This week’s Skeptoid episode was on Scientology, the notorious “religion” created in the 1950s by sci-fi author L. Ron Hubbard.
After I was finished researching and writing it, I had second thoughts, and decided for a few days that I would shelve it and not produce it, and said so on Twitter. Predictably, lots of people expressed their desire for me to reverse that decision, or that I had decided I was too afraid of Scientology suing me.
In fact, the reverse was true. I was afraid that the episode came out sounding too soft on Scientology. I did not want to be perceived as the pro-Scientology guy, and the episode turned out being less interesting than I’d hoped. But I eventually said “What the heck” and produced it anyway.
My thus-far-unpopular conclusion can be summed up thus: Despite how shocking Scientology’s brutal treatment is of its live-in members, that’s the lifestyle that works for those people. I’m sure psychologists could go on and on about what kind of personality thrives in an environment that is, at its worst, comparable to Abu Ghraib; but that’s the life they choose, and who am I to begrudge other people to do whatever they want with their lives. Are we now in a society in which everyone is required to conform to some rigid norm?
The emails and site comments started pouring in fast. The majority have been lists of the worst things Scientology has done, accompanied by comments like “I’m surprised Brian didn’t know about this” (as if my weeks of research missed the most obvious common-knowledge stuff that a cat could find on Wikipedia). The implication of many of the comments is that people are imprisoned against their will. Members of Anonymous have posted that when they protested at a Scientology branch, they were photographed or followed (as if it’s unreasonable to expect to be scrutinized when you put on a mask and go to someone’s home to protest their lifestyle).
I was also sent great lists of lawsuits filed by the church trying to silence its critics, and cases where Scientologists have been found guilty of crimes. Most notably, Operation Snow White, some 35 years ago when Hubbard was still alive, was the largest infiltration of the U.S. government in history when Scientologists took jobs where they had access to destroy IRS and other documents pertaining to Hubbard and Scientology. That’s a crime, and 11 church executives appropriately went to jail. There’s no excuse for that. In this case, Scientology does indeed stand out from any other “church”. This is something I probably shouldn’t have left out.
What I tried to do in my episode, whether this was a good choice or a bad one, was to focus on ordinary Scientologists. Every organization and church in the world has every kind of people in it, including criminals, and I don’t think it’s fair to characterize any group based on the actions of its worst apples. In short, this is the essential reason I didn’t spend time talking about the church’s worst actions. I don’t want to focus only on the rare exceptions, the kids forced unwillingly into the Sea Org by their parents, or overt criminal acts. I could probably do an expose on Sesame Street and uncover some producer’s drug habit. That wouldn’t be a fair treatment either. I wanted to talk about ordinary Scientologists who had nothing to do with Operation Snow White and have never beaten someone with an ax handle, as that’s the largest representative group.
My analysis was that people who have the right psychology to want to live a Sea Org lifestyle find their happy place when they’re under psychological pressure. Thus, Scientology must apply that pressure (Scientology and the Sea Org being essentially the same entity). Part of that pressure is making it real. It can’t just be threats. So they actually do harass and sue people who leave the church or speak out against it. They actually do barricade them into their rooms. They actually do require them to cut off their family and friends. It’s a twisted dance between narcissists and codependents. To you and I, that’s pretty messed up. For them, it works.
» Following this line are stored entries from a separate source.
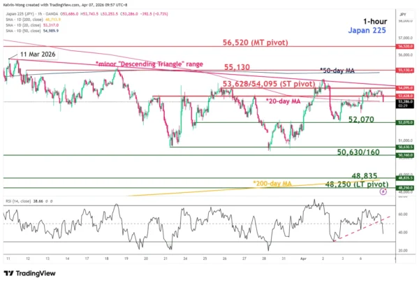 Watch the 53,628/54,095 short-term pivotal resistance zone for potential bearish reversal back down to retest the “Descending Triangle” range bottom. A break below 52,070 increases the odds of exposing the next intermediate support at 50,630/50,160 in the first step.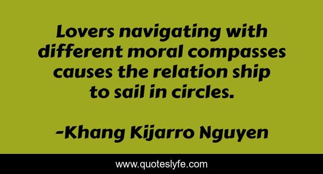 This page presents the quote "Lovers navigating with different moral compasses causes the relation ship to sail in circles.". Author of this quote is Khang Kijarro Nguyen. This quote is about circles, lovers, relationship, sail, moral-compass, relation, ship,.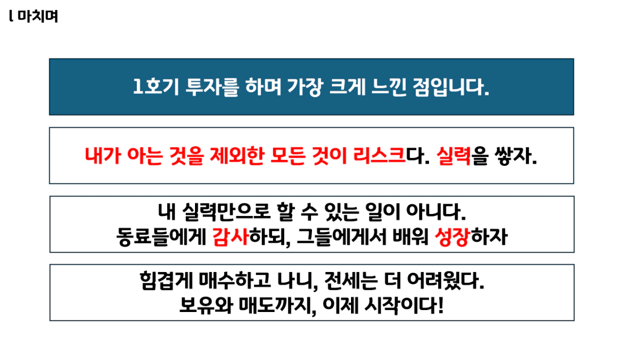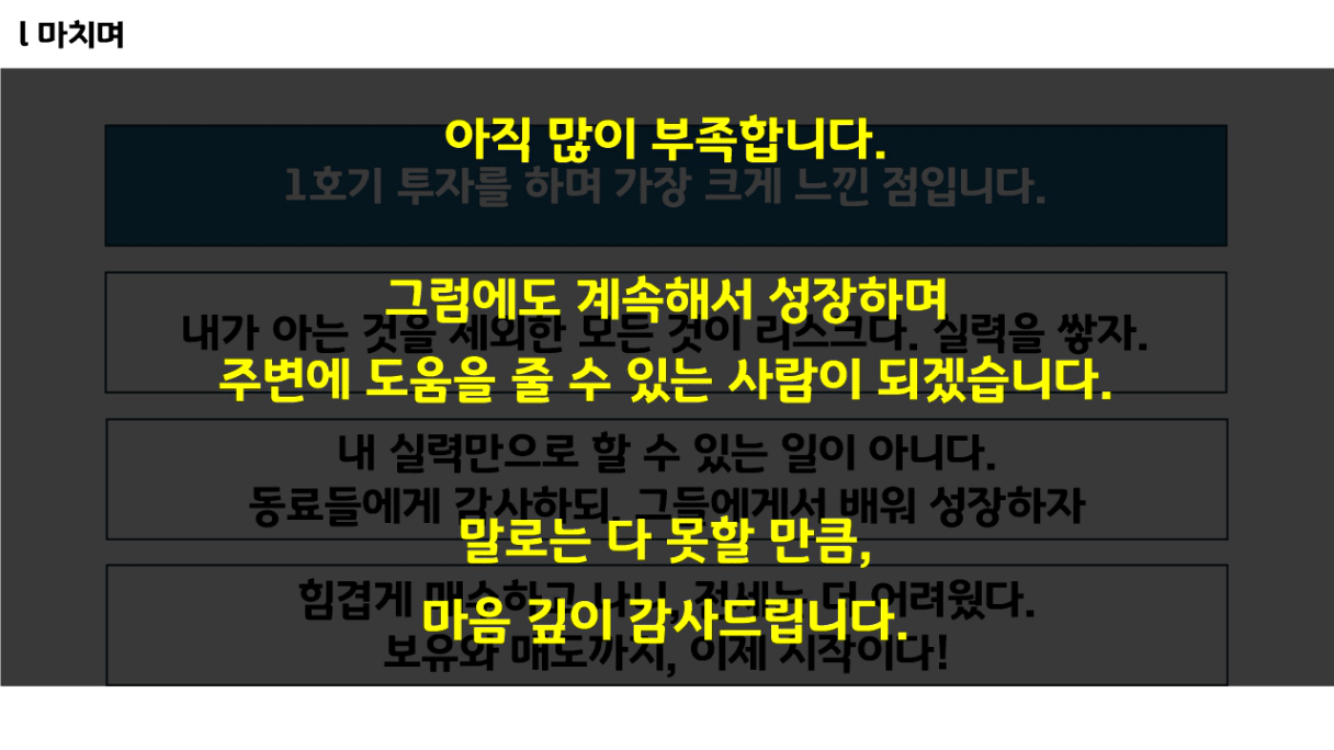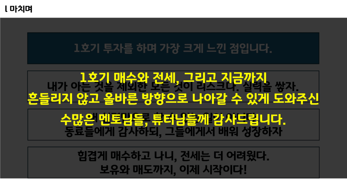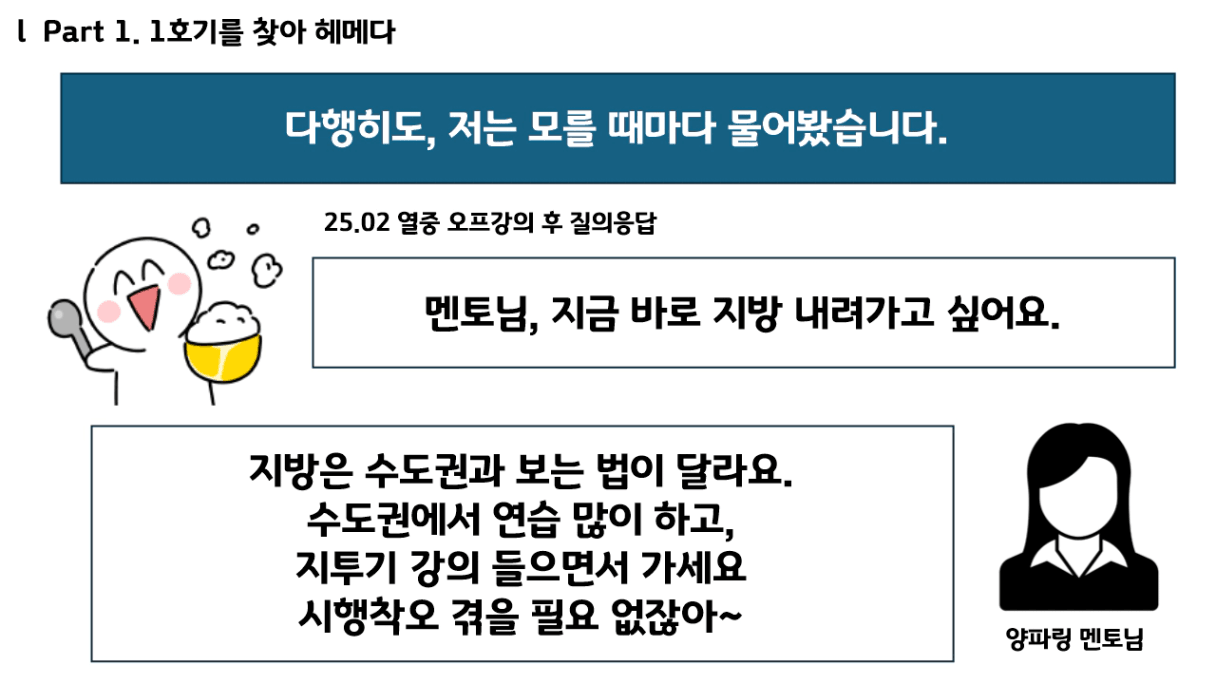 지투 최종 오프모임, 감사하게도 운조 튜터님께서 1호기 경험담을 발표할 기회를 주셨습니다.

This is my own conclusion, and my opinion. Clearly, most disagree with me. But it’s a perspective that I don’t think enough people consider.
And that’s just the Sea Org, the full timers. Most Scientologists are your neighbors down the street, whose expensive auditing sessions fund the Sea Org. I thought I gave the ordinary Scientologists a fair shake in the episode. These include the celebrities you know, the John Travoltas and Tom Cruises, who live regular lives but love what Scientology auditing has done for them. Nobody who’s had a good experience talking through their problems with a therapist, friend, or barber should be surprised that auditing can be a powerful and fulfilling experience. If it wasn’t, Scientology wouldn’t have the income stream that it does. That income stream does indeed exist, and so whether detractors like it or not, ordinary Scientologists are enjoying their auditing, regardless of whether it has any legitimate psychiatric value. I went into this point in detail in my episode, so won’t repeat any more of it here.
So in conclusion, I just wanted to make it a little clearer why I talked about the points that I did, and why I glossed over or omitted other things. No Skeptoid episode pleases everyone. Every week I get “I agree with all your episodes except this one,” and I’ve gotten at least a fair share of those this week. As I often say, whether I’m right or wrong is not nearly as important as whether I suggest something new for you to consider.